== SUPPLIED DATA ==
=====
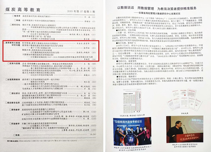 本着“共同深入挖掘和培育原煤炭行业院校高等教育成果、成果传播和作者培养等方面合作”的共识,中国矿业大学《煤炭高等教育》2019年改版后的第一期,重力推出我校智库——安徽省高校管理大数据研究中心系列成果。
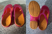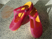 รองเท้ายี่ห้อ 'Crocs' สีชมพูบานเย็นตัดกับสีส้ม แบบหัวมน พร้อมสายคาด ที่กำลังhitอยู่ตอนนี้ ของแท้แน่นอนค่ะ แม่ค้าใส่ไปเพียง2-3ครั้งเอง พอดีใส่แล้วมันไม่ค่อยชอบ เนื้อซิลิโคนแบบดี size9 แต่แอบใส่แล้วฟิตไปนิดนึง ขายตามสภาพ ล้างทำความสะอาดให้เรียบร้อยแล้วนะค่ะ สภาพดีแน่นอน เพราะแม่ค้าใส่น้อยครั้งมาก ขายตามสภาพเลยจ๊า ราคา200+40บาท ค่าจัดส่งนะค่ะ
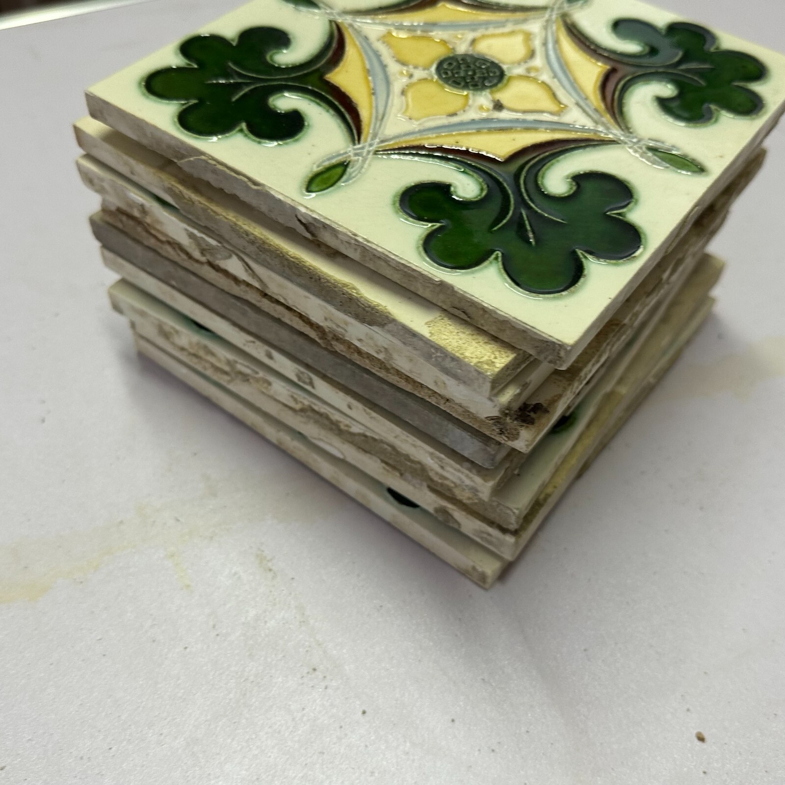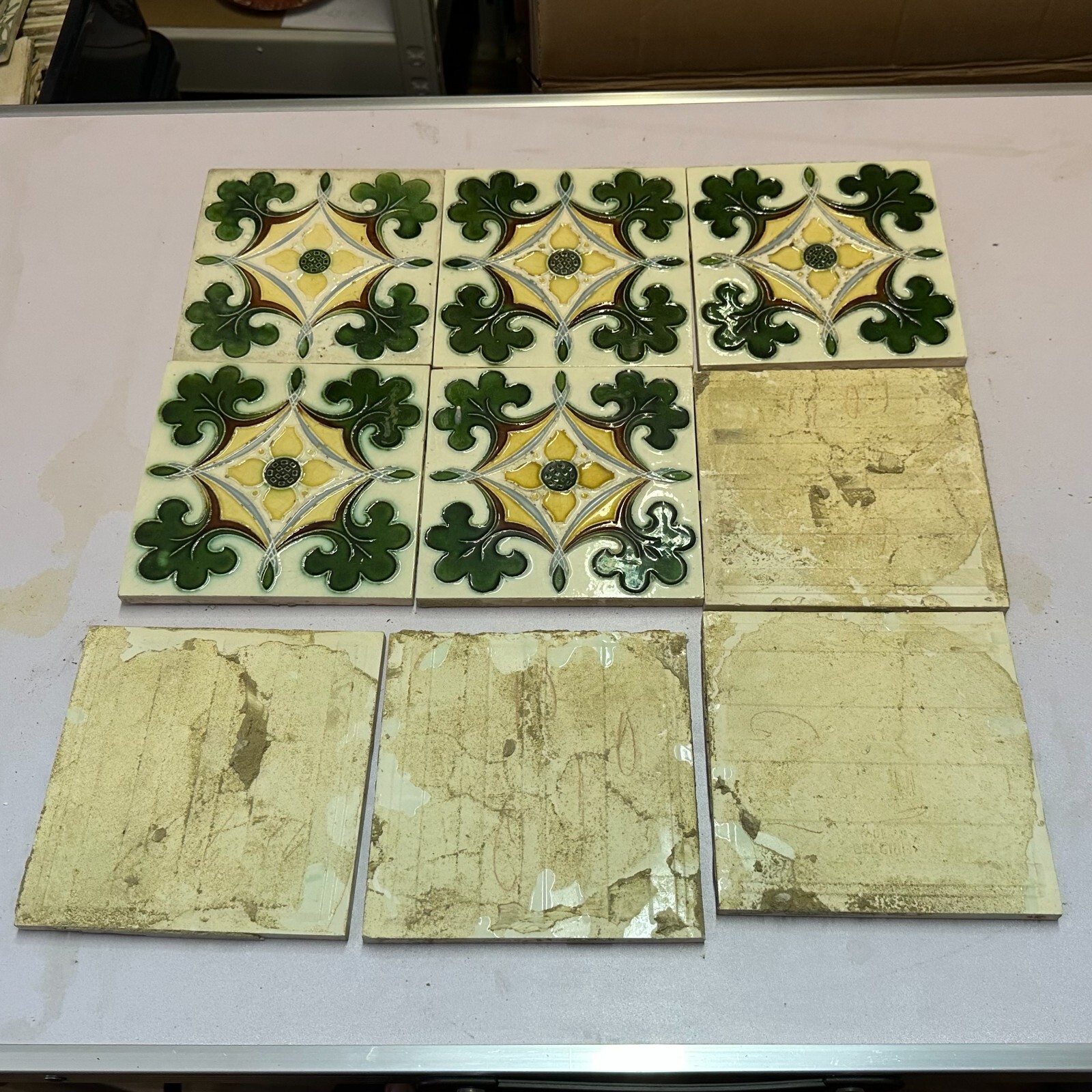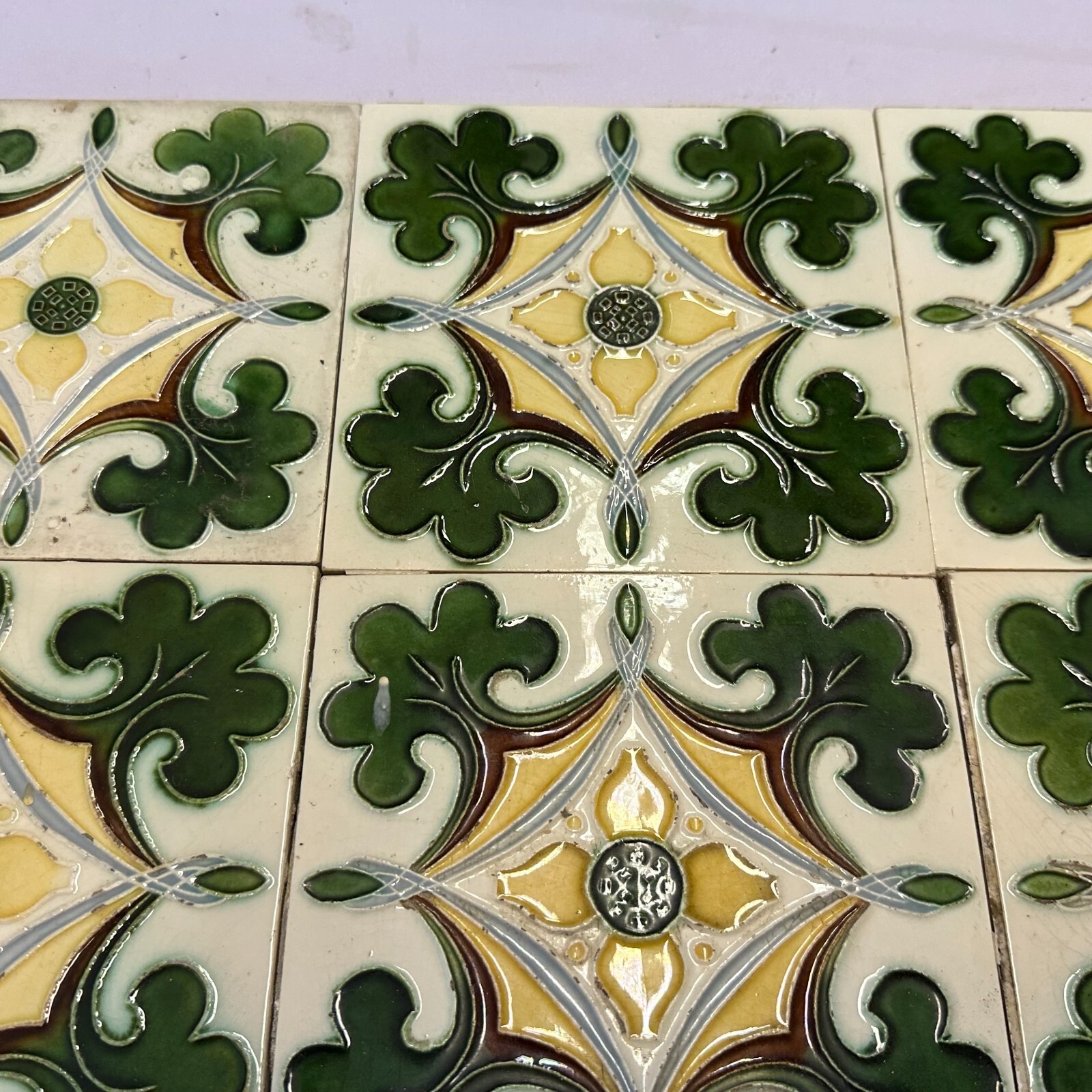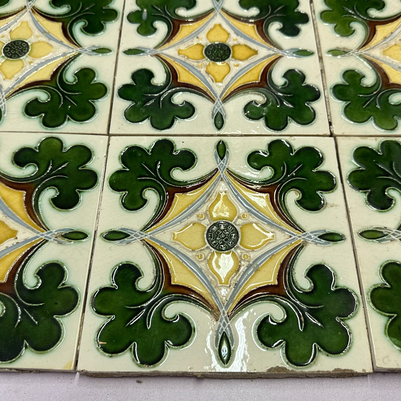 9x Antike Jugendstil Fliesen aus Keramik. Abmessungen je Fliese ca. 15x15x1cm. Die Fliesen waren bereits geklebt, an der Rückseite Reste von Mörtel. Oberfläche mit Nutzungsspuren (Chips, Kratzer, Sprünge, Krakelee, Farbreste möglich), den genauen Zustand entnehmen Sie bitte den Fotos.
=====
An exact copy is needed of the lines from the start of the listing through the line with "รองเท้ายี่ห้อ 'Crocs' สีชมพูบานเย็นตัดกับสีส้ม", both end lines included and pictures excluded.

 本着“共同深入挖掘和培育原煤炭行业院校高等教育成果、成果传播和作者培养等方面合作”的共识,中国矿业大学《煤炭高等教育》2019年改版后的第一期,重力推出我校智库——安徽省高校管理大数据研究中心系列成果。
 รองเท้ายี่ห้อ 'Crocs' สีชมพูบานเย็นตัดกับสีส้ม แบบหัวมน พร้อมสายคาด ที่กำลังhitอยู่ตอนนี้ ของแท้แน่นอนค่ะ แม่ค้าใส่ไปเพียง2-3ครั้งเอง พอดีใส่แล้วมันไม่ค่อยชอบ เนื้อซิลิโคนแบบดี size9 แต่แอบใส่แล้วฟิตไปนิดนึง ขายตามสภาพ ล้างทำความสะอาดให้เรียบร้อยแล้วนะค่ะ สภาพดีแน่นอน เพราะแม่ค้าใส่น้อยครั้งมาก ขายตามสภาพเลยจ๊า ราคา200+40บาท ค่าจัดส่งนะค่ะ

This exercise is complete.